Но ради аллаха! Брось ты, сделай милость, своих угнетенных коллежских регистраторов! Неужели ты нюхом не чуешь, что эта тема уже отжила и нагоняет зевоту? ‹…› Реальнее теперь изображать коллежских регистраторов, не дающих жить их п<ревосходительст>вам, и корреспондентов, отравляющих чужие существования… (П., I, 176, 178).
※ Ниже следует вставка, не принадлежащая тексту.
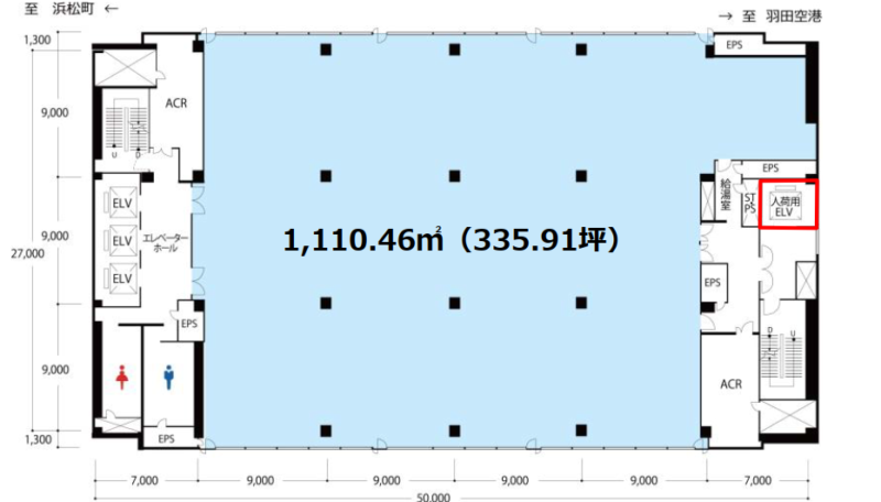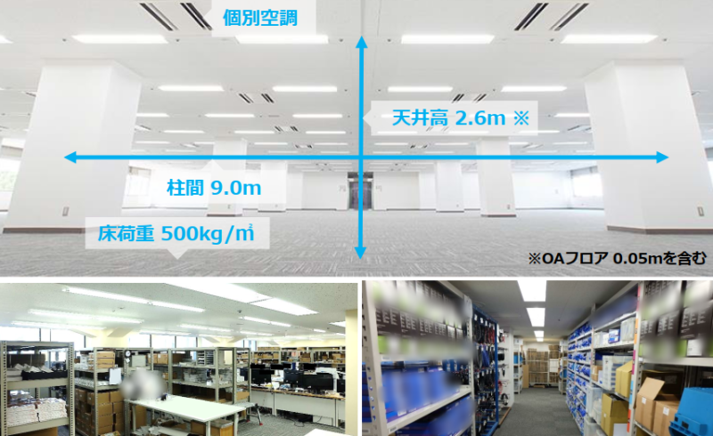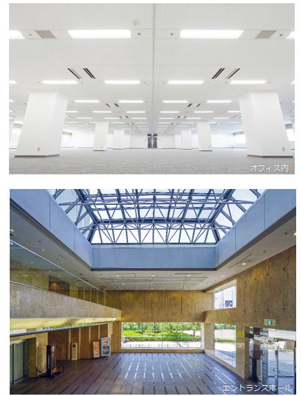 | 設備・条件 その他 | EV:乗用3台、貨物兼用1台(カゴ寸法:横2mx奥行2mx間口1.7m、ハンドフォーク不可) 個別空調有 床荷重:標準500kg/㎡ 天井高:2.6m 24時間有人管理(夜間通用口も含め24時間365日入退館可能) 床仕様:タイルカーペット コンセント容量:50VA/㎡(増設対応可能) 照明器具(専有部):LED 各階男女別トイレ有 給湯室有 主要なサービス施設:カフェ、飲食店、コンビニ、郵便局、喫煙室、休憩室等 新耐震気分に基づく建築物 |

Такие действия совсем не возвышают личного достоинства Червякова, напротив, они делают его persona поп grata. Заметим, кстати, что латинское слово «persona» («уважение к персонам»), имеющее истоки в греческом театральном искусстве, изначально означало театральную маску, потом роль, потом роль отдельного человека в жизни, и лишь под конец стало обозначать индивидуальную личность. Следовательно, в этой преемственной цепочке родства по восходящей линии Червяков, будучи человеком-маской, застрял в качестве персоны на начальном этапе эволюции, на стадии куколки.
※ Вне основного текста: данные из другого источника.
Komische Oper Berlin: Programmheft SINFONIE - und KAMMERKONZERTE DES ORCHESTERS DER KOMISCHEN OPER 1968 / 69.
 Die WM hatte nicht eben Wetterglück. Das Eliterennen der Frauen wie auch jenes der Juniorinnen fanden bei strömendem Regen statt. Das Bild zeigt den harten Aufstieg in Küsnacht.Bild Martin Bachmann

Рафинированно-игровая структура миниатюры имеет, однако, и еще более глубокий ассоциативный фон. Местом, где завязывается действие рассказа, является летний петербургский театр под названием «Аркадия». Хорошо известна семантика топоса Аркадии в качестве locus amoenus – обители идиллии, места, где сбываются мечты и где худшим из несчастий может стать только любовная мука, да и то скоротечная. В духовном ландшафте Аркадии доминируют искусство, чувствительность, естественность, добродетели и счастье[459]. В литературе Нового времени, начиная с самых ранних ее времен, образ Аркадии сопряжен с мотивом нордического томления по Италии, путешествия на сияющий юг в поисках любви и красот искусства[460]. Чеховский театр «Аркадия», особенно относительно к Червякову, бесконечно далек от этого буколического иллюзорного ландшафта: эта «Аркадия» в гораздо большей мере является масочным пространством – для ничего не подозревающего героя-червячка оно оборачивается преддверием крушения и смерти.

Однако же и мортальная аркадская модель имеет свою традицию. Она связана с формулой «Et in Arcadia Ego», которая на полотнах Гверчино (Джованни Ф. Барбиери), Никола Пуссена или сэра Джошуа Рейнолдса присутствует в качестве надписи на стене, могильном памятнике или саркофаге. Самое известное из этих полотен – картина Пуссена «Et in Arcadia Ego II»[461]. Смысл надписи долгое время был предметом споров, до некоторой степени это и сейчас так[462]. Главный вопрос заключается в том, кого обозначает личное местоимение первого лица «Ego». Некоторые исследователи считают, что под ним подразумевается умерший, который таким способом сообщает, что и он некогда жил счастливой аркадской жизнью и что его земное существование было истинным воплощением аркадского идеала. И те, кто видит эту надпись, – безразлично, персонажи ли картины или ее созерцатели – должны знать, что обетованная Аркадия возможна и для них.